Sheri Herndon sheri at indymedia.org
Tue Sep 17 02:48:03 2002


hello everyone,

i'm too tired and exhausted from the reclaim the media conference 
(check it out at www.reclaimthemedia.org - very successful and 
inspiring!), so i will just share a few personal reflections wtih you 
all until i have more time for thoughtful reflection....i've been 
unable to jump in because of the conference....but now i am finding 
space to do so....

so here are some quick comments.

i have appreciated all the people who have engaged in a thoughtful 
and passionate way into this discussion.  it's clear we have many 
many issues to deal with to move forward and past the ford issue. 
hopefully, many of those threads will be untangled from the ford 
conversation and can be pursued with commitment, dedication to 
network solidarity and the desire for respect for each other.  thanks 
ana and jay for the recent emails.  it's so much easier for us to 
make headway through challenging conflicts and so much more likely 
that we'll move from a crisis to an opportunity (chinese ideogram for 
danger is the two images for crisis and opportunity), if we believe 
first in the general good of people working together on these 
projects.  and when i say this i do not mean we should not challenge, 
constructively confront, share our differences, share sadnesses and 
concerns and hopes and anything; i'm saying let's do it in an 
atmosphere of respect.

i believe we can do this better.

james petras's recent article:

sebastian forwarded a link to this list last week to an article by 
james petras.  here it is for your reference: 
http://www.rebelion.org/petras/english/ford10102.htm.   because of 
crazy coincidences, he happened to be in town this weekend and i met 
with him saturday night while he was in town.  his daughter is a 
friend.  i have a partial recording of the conversation.  he had alot 
of information and details.  i could barely keep up.  he was very 
persuasive in his arguments for why we cannot take money from the 
ford foundation because it involves giving money to latin american 
imcs and because of ford's role for many decades in latin america, 
plus more recent situations (some of which he mentions in our 
conversation, and on tape).  he did say that if the funds were for 
us-based imcs that he would not advise against taking the funds (i 
think he's open to people talking to him about this).

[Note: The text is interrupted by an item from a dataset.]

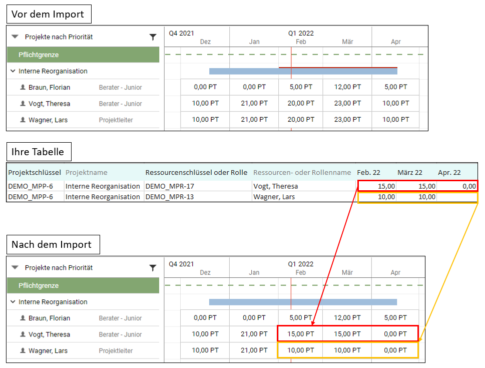 Die Allokationen von "Vogt, Theresa" (rote Markierung) und von "Wagner, Lars" (gelbe Markierung) wurden nur für der Zeitraum aus der Tabelle aktualisiert, die Allokationen für die Monate Dezember und Januar bleiben unverändert. Bei "Wagner, Lars" ist das Feld für April in der Tabelle leer, also wurde der bestehende Wert mit "0 PT" überschrieben.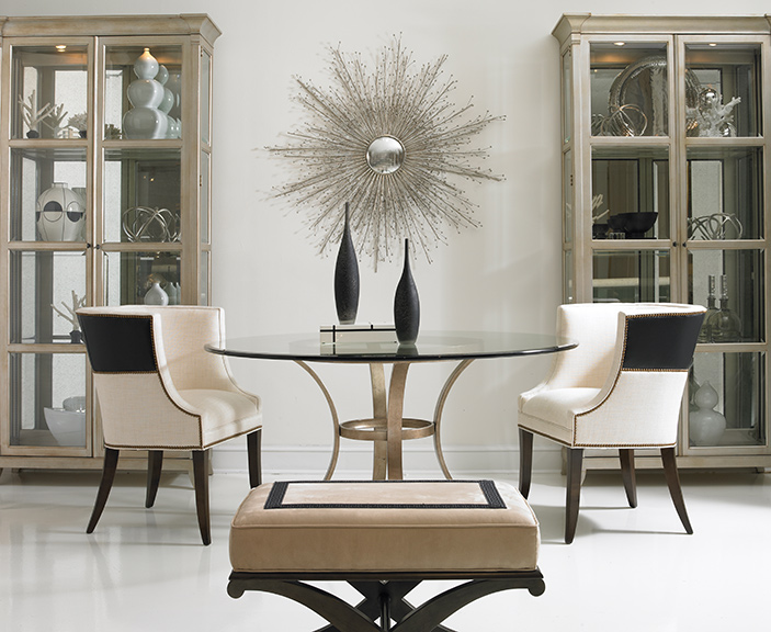 “It is definitely not a fad or craze, but a timeless design in an elegant look for the contemporary and even transitional customer. Glass-top tables, either in dining or occasional, have been in the market place for the last 50+ years. Glass will be there for many years to come as glass has more characteristic than ever before. Shape and edgework is in the demand with the more sophisticated designs. One thing I am very grateful for is the glass that has been fused and attached to the base. Years ago it was always lay-on glass, which moved causing things to spill on the table top.” Ross Anzalone, Amini’s.

this was just more evidence for me to consider that we cannot take 
these funds in this way.

i was also pretty much convinced that we had to reject the grant last 
thursday after my conversation with micah who shared critical 
information that i hadn't read in any emails up to that point. what 
was at stake was network solidarity and for both of us one of our top 
priorities.

in fact, in ALL of my conversations with everyone, people have 
stressed this.  so i do not think people are missing this point.  it 
just may be that people have different ways of how that might work or 
how achieving that might look.

those of us working to help fund regional gatherings have network 
solidarity as our goal so if it was being negatively impacted by this 
grant then we are going against a driving force for having these 
gatherings.  that was quite clear.  admittedly, i was honestly 
disappointed because i really want to see us have regional gatherings 
to talk face to face, to build greater trust and understanding, to 
figure out things that we can't seem to do online in the virtual 
environment.  but that disappointment really was second.  also, it 
was the additional pieces of information which helped convince me of 
the problems on several levels of taking money from ford.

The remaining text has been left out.